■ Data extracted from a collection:

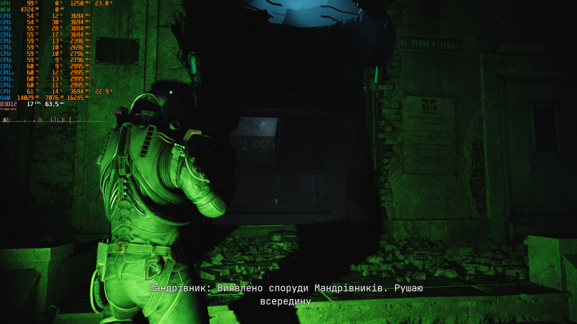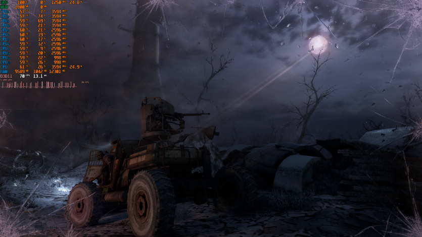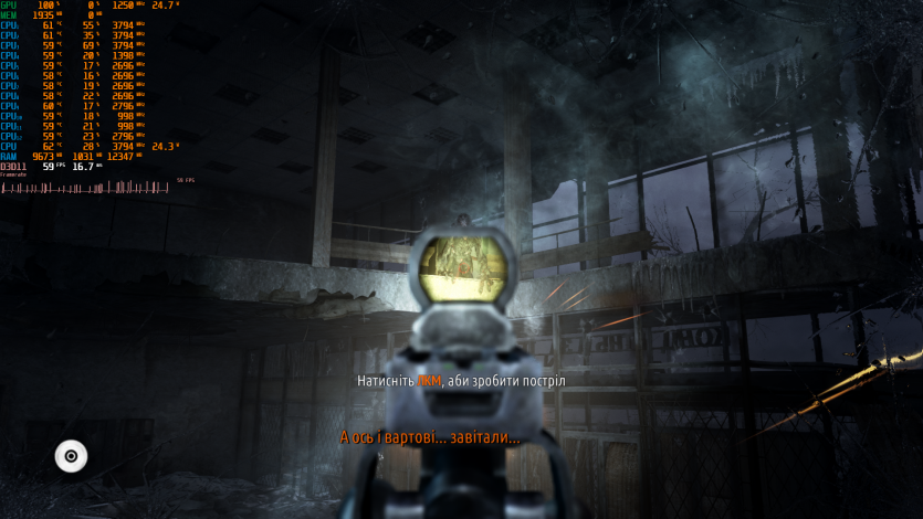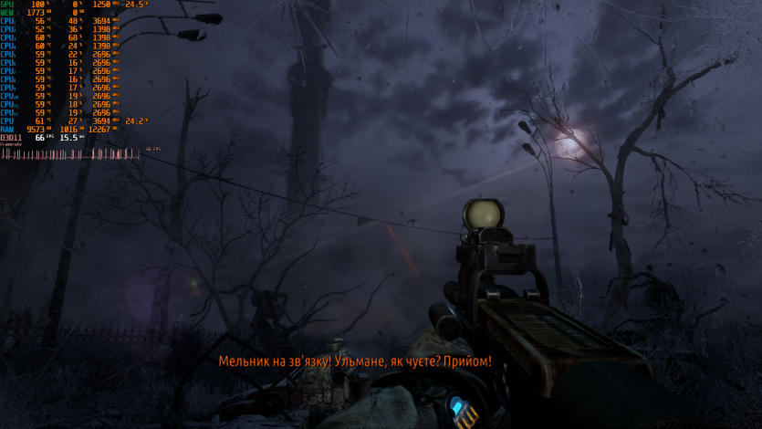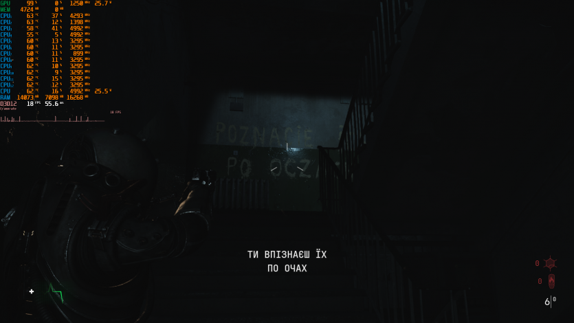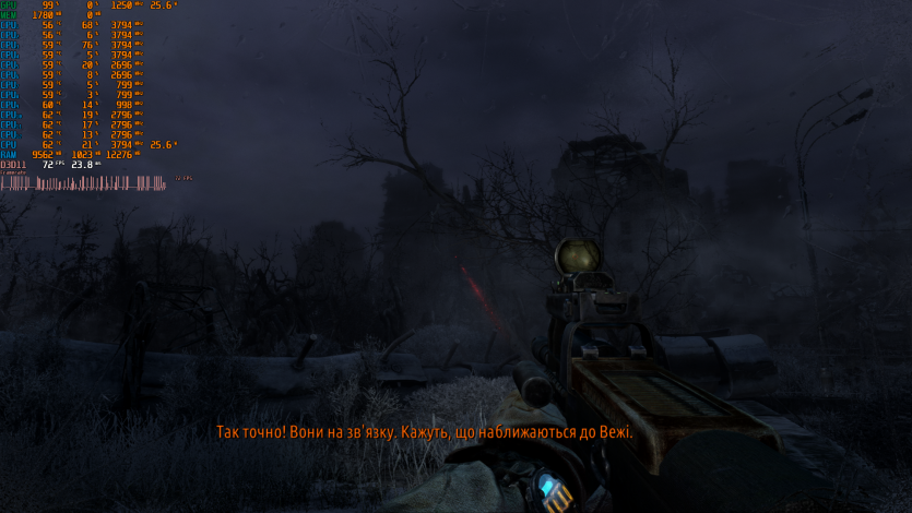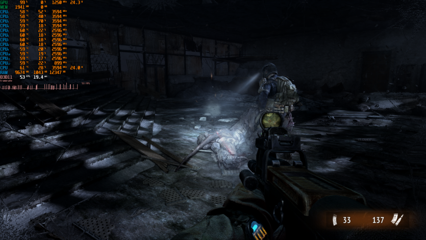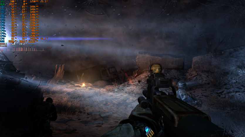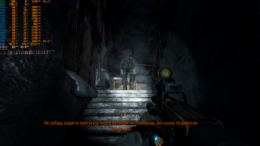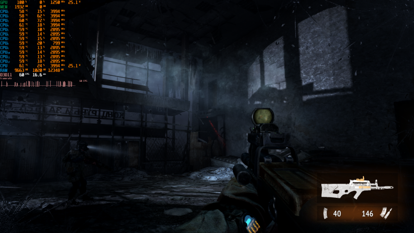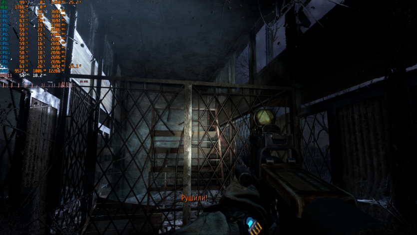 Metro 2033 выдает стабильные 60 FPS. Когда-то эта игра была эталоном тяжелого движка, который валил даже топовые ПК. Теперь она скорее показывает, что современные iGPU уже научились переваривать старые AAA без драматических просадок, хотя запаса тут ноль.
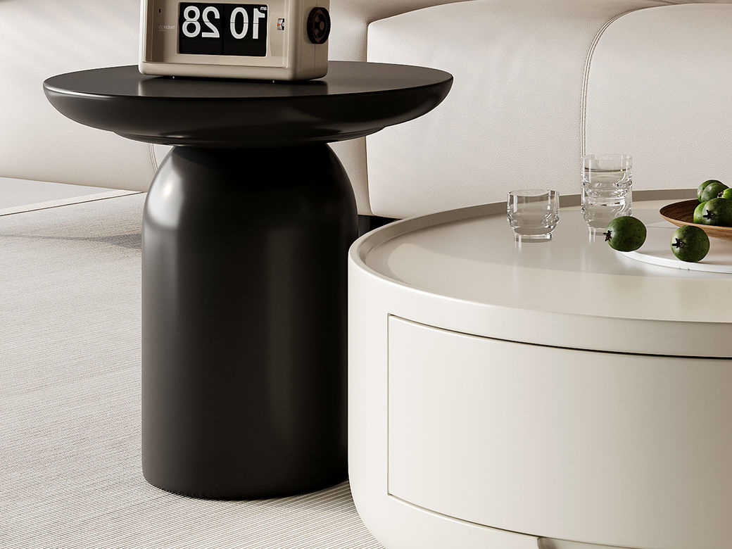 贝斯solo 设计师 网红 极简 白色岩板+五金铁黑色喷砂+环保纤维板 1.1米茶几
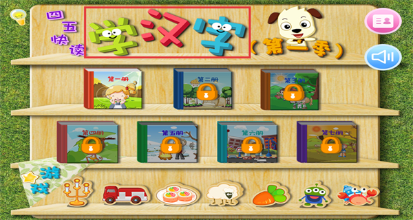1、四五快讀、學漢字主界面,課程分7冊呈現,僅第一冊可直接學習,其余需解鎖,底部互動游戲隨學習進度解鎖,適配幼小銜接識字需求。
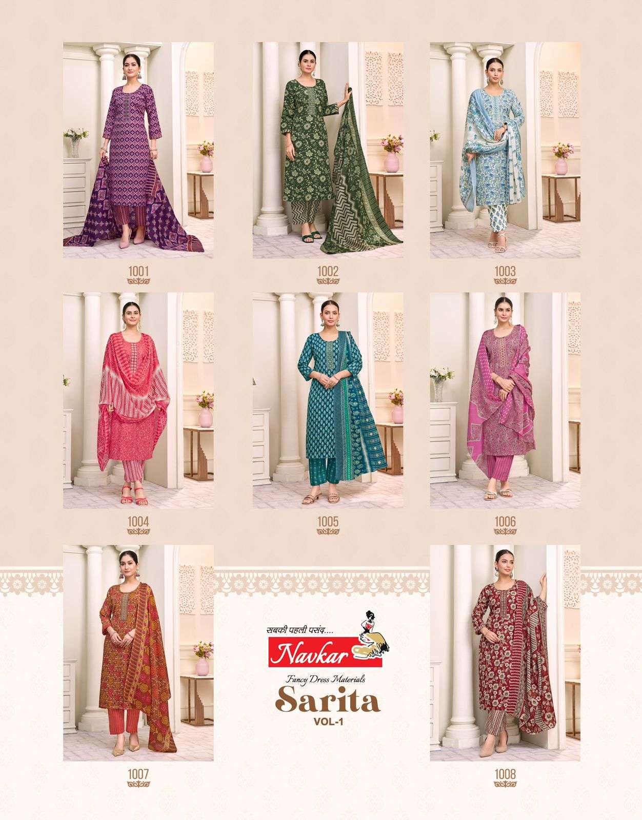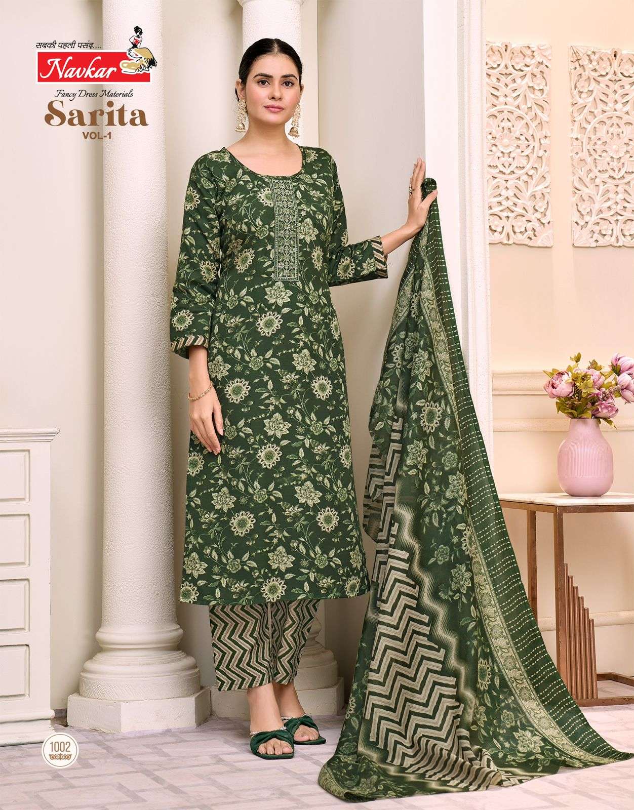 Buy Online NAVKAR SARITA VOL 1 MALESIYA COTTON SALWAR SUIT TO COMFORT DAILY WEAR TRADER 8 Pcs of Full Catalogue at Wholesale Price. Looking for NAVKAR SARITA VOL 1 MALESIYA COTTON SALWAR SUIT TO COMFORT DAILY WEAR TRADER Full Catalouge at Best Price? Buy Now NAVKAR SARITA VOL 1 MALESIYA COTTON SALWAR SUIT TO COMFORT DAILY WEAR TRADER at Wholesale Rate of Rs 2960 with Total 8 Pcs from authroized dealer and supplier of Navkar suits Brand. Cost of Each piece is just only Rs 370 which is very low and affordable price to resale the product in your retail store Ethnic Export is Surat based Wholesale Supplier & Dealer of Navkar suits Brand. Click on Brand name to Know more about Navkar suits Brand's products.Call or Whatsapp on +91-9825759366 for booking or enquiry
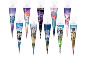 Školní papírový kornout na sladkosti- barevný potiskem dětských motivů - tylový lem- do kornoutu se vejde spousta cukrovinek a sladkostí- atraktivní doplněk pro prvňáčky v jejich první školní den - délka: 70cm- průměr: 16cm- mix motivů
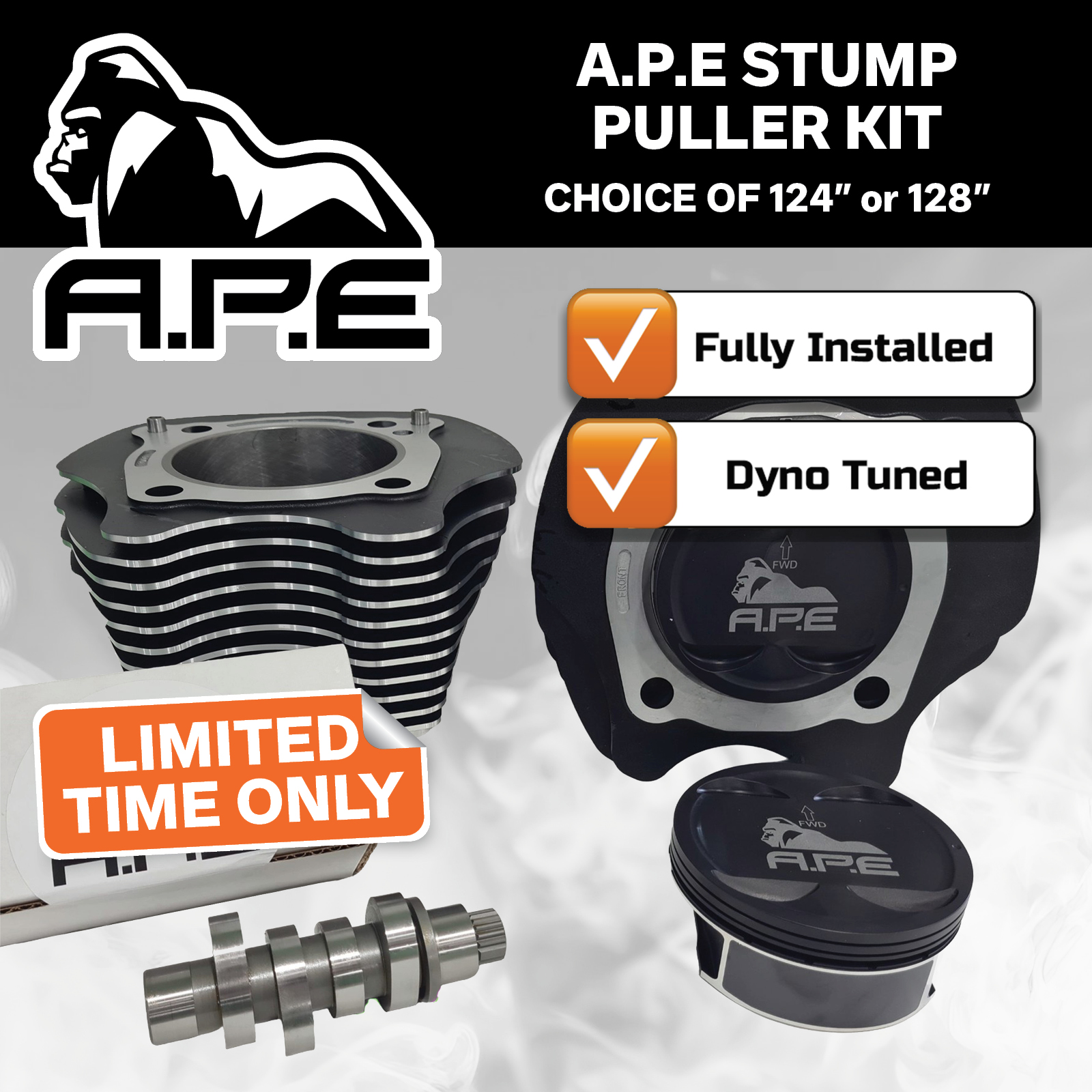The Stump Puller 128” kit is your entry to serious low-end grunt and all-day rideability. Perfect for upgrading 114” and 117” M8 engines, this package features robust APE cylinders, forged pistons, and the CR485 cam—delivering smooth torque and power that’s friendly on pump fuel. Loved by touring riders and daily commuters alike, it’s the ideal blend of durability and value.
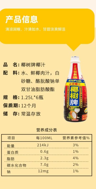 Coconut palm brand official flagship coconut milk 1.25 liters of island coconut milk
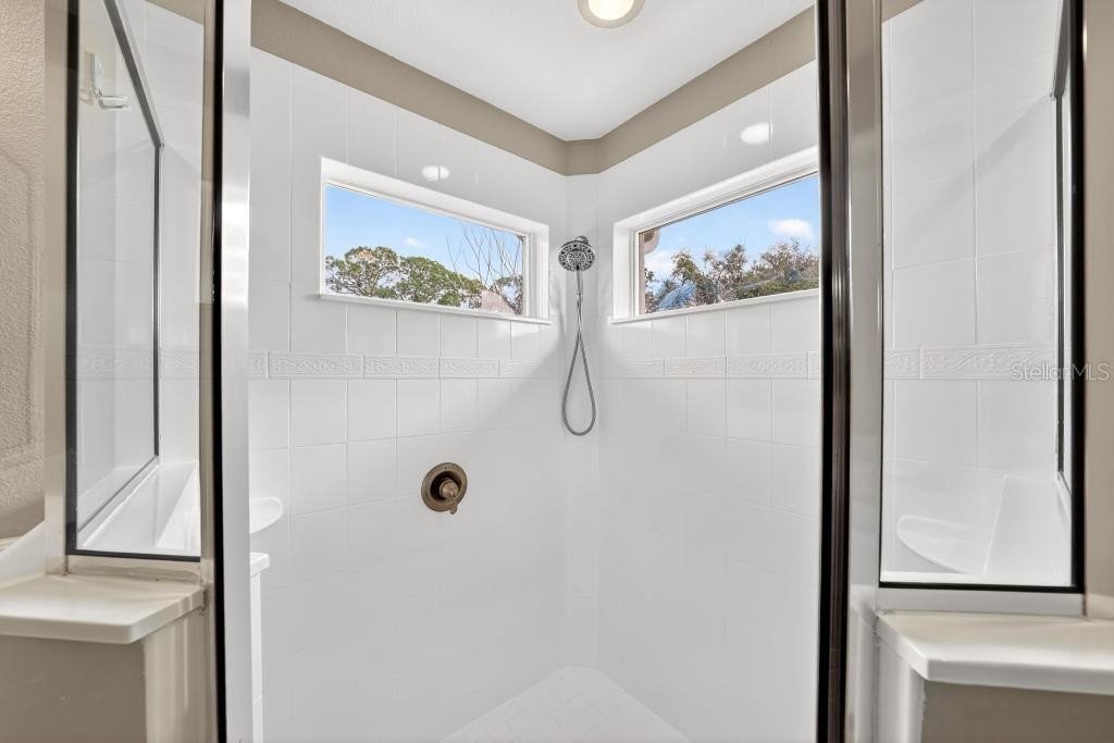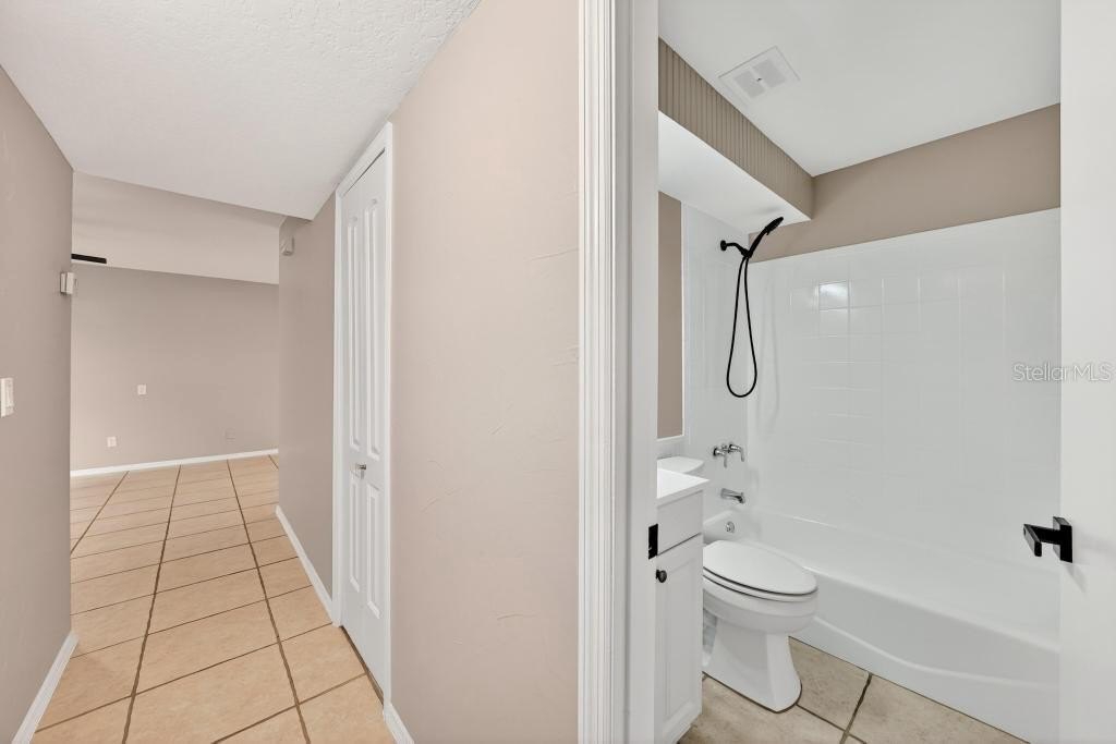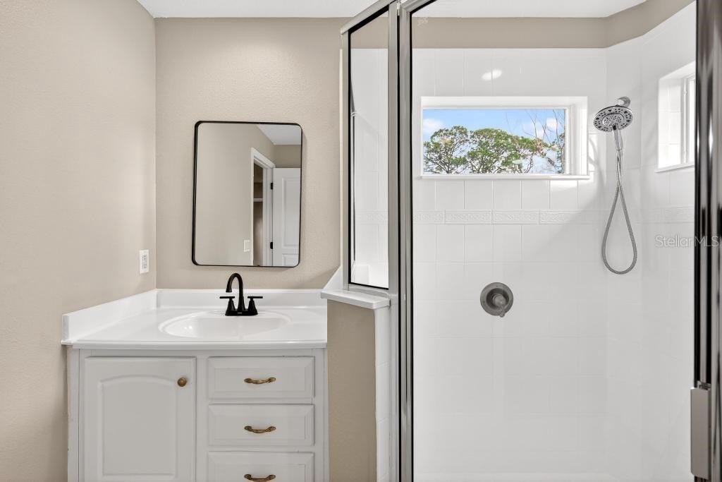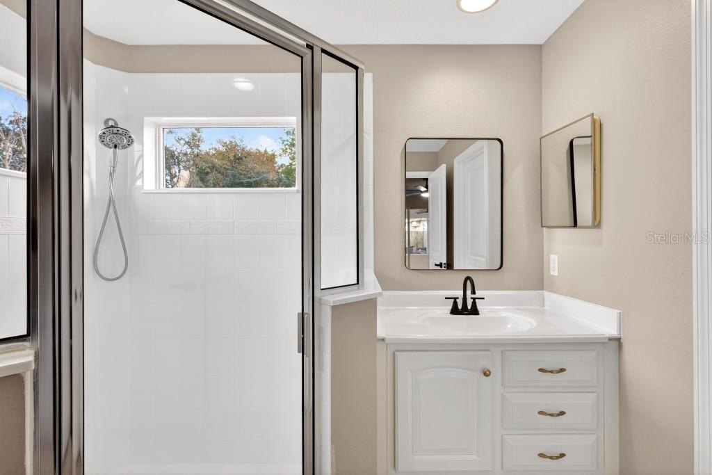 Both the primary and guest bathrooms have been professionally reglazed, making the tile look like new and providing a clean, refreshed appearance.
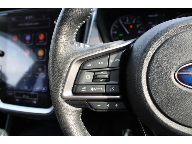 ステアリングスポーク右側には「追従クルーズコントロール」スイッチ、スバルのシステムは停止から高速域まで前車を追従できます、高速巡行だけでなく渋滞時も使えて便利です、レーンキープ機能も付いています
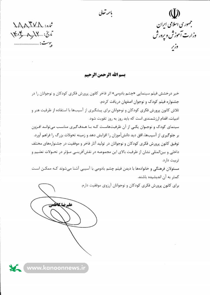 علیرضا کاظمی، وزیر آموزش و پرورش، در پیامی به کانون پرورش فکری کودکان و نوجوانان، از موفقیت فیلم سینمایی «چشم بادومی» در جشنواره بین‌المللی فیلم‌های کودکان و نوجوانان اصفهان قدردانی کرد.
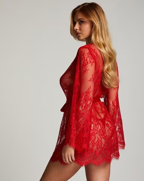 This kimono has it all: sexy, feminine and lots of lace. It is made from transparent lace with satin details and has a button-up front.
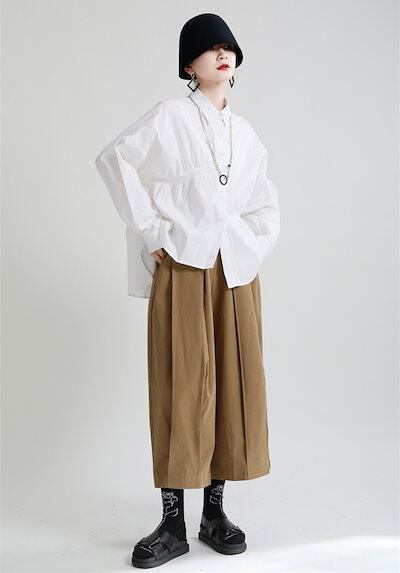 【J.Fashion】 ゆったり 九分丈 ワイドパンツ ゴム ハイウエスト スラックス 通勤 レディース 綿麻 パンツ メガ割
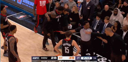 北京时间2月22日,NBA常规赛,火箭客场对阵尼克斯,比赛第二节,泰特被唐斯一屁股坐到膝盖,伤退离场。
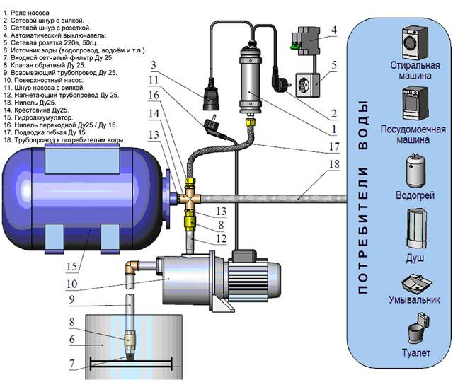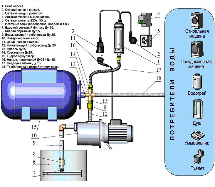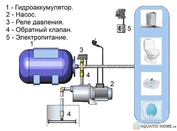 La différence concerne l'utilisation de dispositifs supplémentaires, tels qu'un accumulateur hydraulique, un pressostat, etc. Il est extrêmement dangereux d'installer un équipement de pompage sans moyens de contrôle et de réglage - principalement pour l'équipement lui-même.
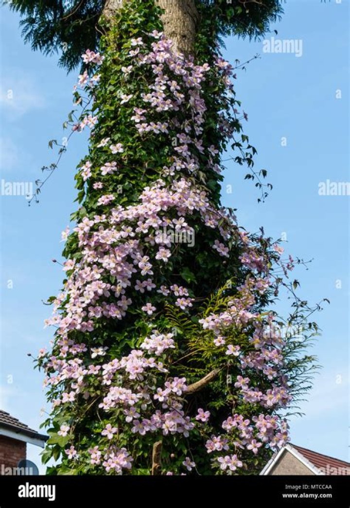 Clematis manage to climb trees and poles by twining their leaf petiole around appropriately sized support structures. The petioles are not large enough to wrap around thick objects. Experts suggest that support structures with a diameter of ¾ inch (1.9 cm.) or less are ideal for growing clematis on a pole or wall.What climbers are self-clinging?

■ ASSIGNED TASK: From the line containing "レディース 綿麻 パンツ メガ割" through the last line of the records, both included, output those lines exactly and nothing else; skip the pictures.

■ ANSWER TO THIS TASK:
 【J.Fashion】 ゆったり 九分丈 ワイドパンツ ゴム ハイウエスト スラックス 通勤 レディース 綿麻 パンツ メガ割
 北京时间2月22日,NBA常规赛,火箭客场对阵尼克斯,比赛第二节,泰特被唐斯一屁股坐到膝盖,伤退离场。
 La différence concerne l'utilisation de dispositifs supplémentaires, tels qu'un accumulateur hydraulique, un pressostat, etc. Il est extrêmement dangereux d'installer un équipement de pompage sans moyens de contrôle et de réglage - principalement pour l'équipement lui-même.
 Clematis manage to climb trees and poles by twining their leaf petiole around appropriately sized support structures. The petioles are not large enough to wrap around thick objects. Experts suggest that support structures with a diameter of ¾ inch (1.9 cm.) or less are ideal for growing clematis on a pole or wall.What climbers are self-clinging?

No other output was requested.